A diagram of the electron microscopic structure of pY39α-syn amyloid fibril. [Photo/WeChat account of BSC]

Chinese researchers have found that Parkinson's disease-related phosphorylation at Tyr39 rearranges α-synuclein amyloid fibril structure revealed by cryo-EM, according to news on the WeChat account of Biophysical Society of China (BSC).

A research team led by Li Cong from the Shanghai Institute of Organic Chemistry -- under the Chinese Academy of Sciences (CAS) -- and a research team led by Li Yanmei of Tsinghua University were involved. They have established a structural understanding of the pathology of the pY39 α-synuclein (α-syn) fibril and have highlighted the importance of posttranslational modifications (PTMs) in defining the polymorphism and pathology of amyloid fibrils in neurodegenerative diseases.

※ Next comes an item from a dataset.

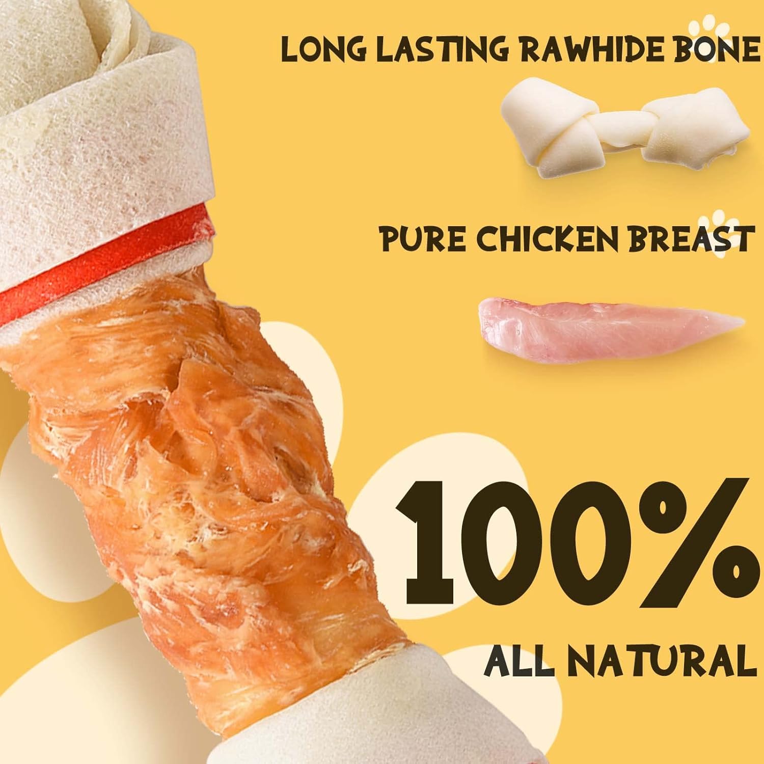 DOG CHEWS LONG LASTING: Chicken Wrap Rawhide sticks provide fun chewing enjoyments for your dogs, to naturally reduce plaque and tarter build up.Say goodbye to destructive chewing! The tasty dog treat strengthens gums and improves overall dog dental health. This chewy dog bones will keep your furniture and shoes safe while satisfying your pup's urge to chew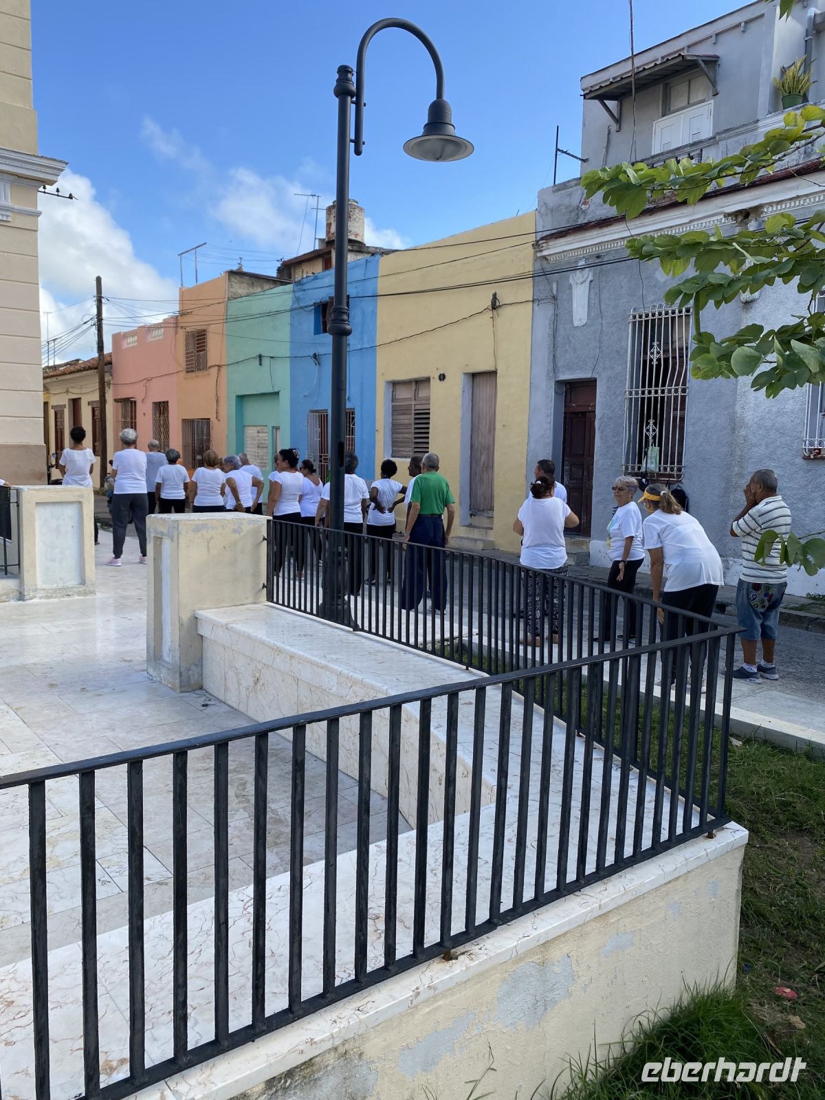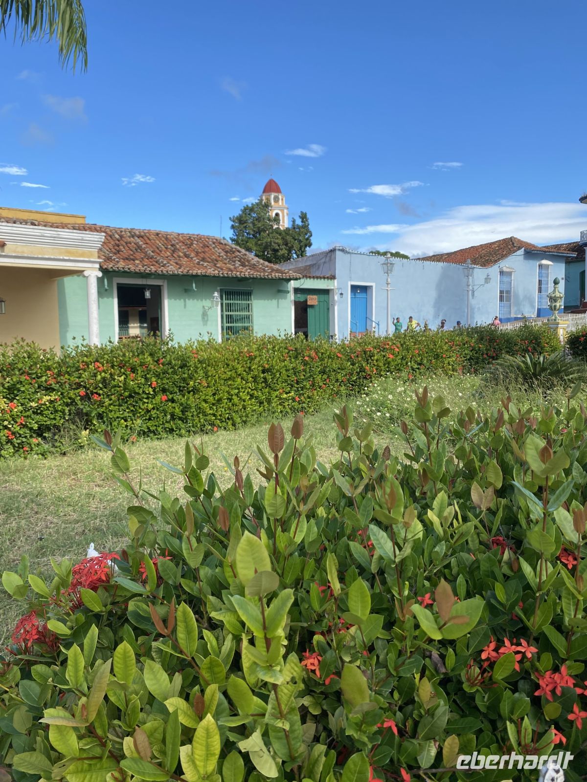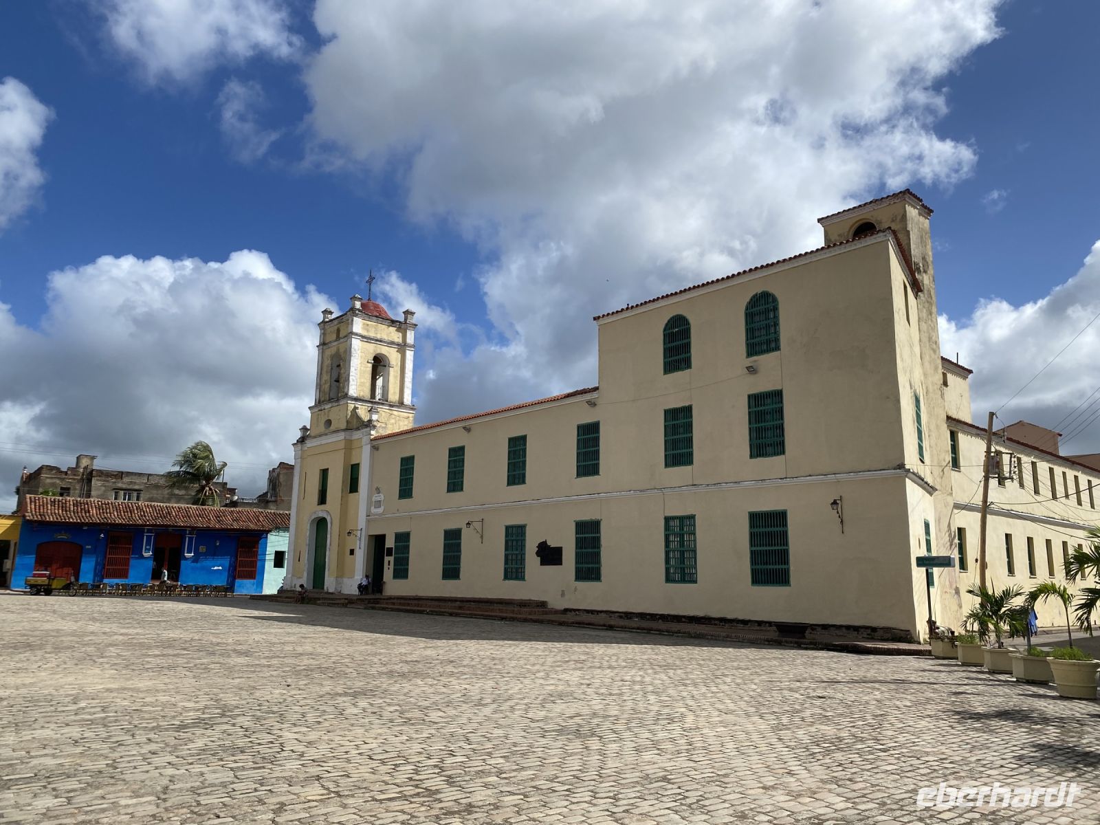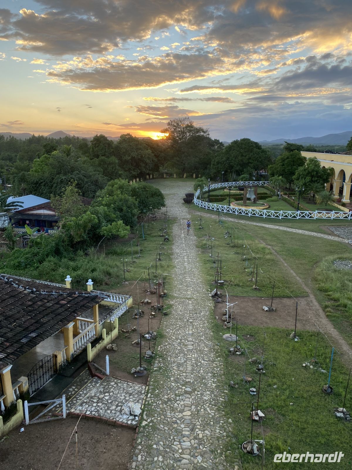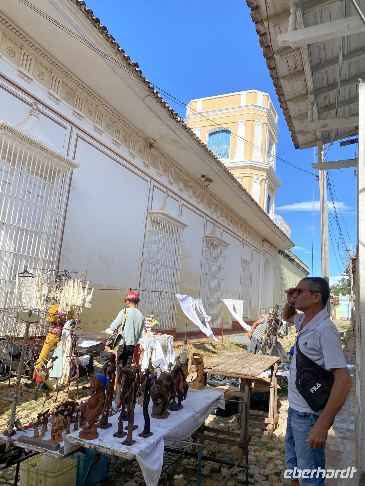 Am Morgen schauen wir uns Trinidad an, einst eine der reichsten Städte Kubas, dank seines Zuckers. Auf holprigem Kopfsteinpflaster wandern wir vorüber an den imposanten Palästen bis zum Hauptplatz mit der Kirche Santisima Trinidad. Wir stellen uns vor, wie die Damen früher hinter den kunstvollen Fenstergittern aus Holz oder Metall saßen, stickten und die Vorübergehenden beobachteten .Der Glockenturm des früheren Franziskanerklosters überragt die Stadt und ist weithin sichtbar.

The PTMs of α-syn, e.g., phosphorylation, play an important role in modulating α-syn pathology in Parkinson's disease (PD) and α-synucleinopathies. Accumulation of phosphorylated α-syn fibrils in Lewy bodies and Lewy neurites is the histological hallmark of these diseases.

The study has been published in the Proceedings of the National Academy of Sciences of the United States of America (PNAS).